3 Formulas on How To Compute Your SSS Monthly Pension After Retirement
Here is a guide on how to compute your SSS Monthly Pension to determine the amount that you will be receiving in the future.
There is a huge benefit in maintaining an active and updated account to the Social Security System. With it, you always have loans and benefits that you can turn to in times of need for financial support due to unemployment, sickness, disability, old age, etc.
Undeniably, what most members look forward to the most is the Monthly Pension under the SSS Retirement Benefit. It is open for members who reached the optional or technical retirement age with at least 120 monthly contributions posted in their account.

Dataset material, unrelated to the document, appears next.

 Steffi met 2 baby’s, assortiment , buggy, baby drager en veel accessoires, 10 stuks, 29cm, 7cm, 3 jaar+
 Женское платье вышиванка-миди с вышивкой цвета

Are you one of the people who are wondering about the amount that you may receive as pension? There are three (3) essential formulas on how to compute your SSS monthly pension and whichever yields the highest amount will determine your final monthly pension:
- 40% of the average AMSC + ₱1,000
- ₱1,200 if CYS is somewhere from 10 to 20 years; ₱2,400 if CYS is 20 years or more + ₱1,000
- ₱300 + 20% of average monthly salary credit (AMSC) + 2% of AMSC for each credited year of service (CYS) in excess of ten years + ₱1,000
You might also check for an estimate of your SSS monthly pension through the retirement benefit estimator of the state-run social insurance giant. Aside from the monthly pension, there are other benefits and cash grants that the pensioners may be entitled to.
Thousands of Filipinos are pensioners of the Social Security System. It is important to ensure that you have paid for the required 120 monthly contributions before applying for a Retirement Benefit so you can qualify for the pension. If you have yet to reach it but you are already 60 years old, you may continue posting monthly contributions until you are 65 years old.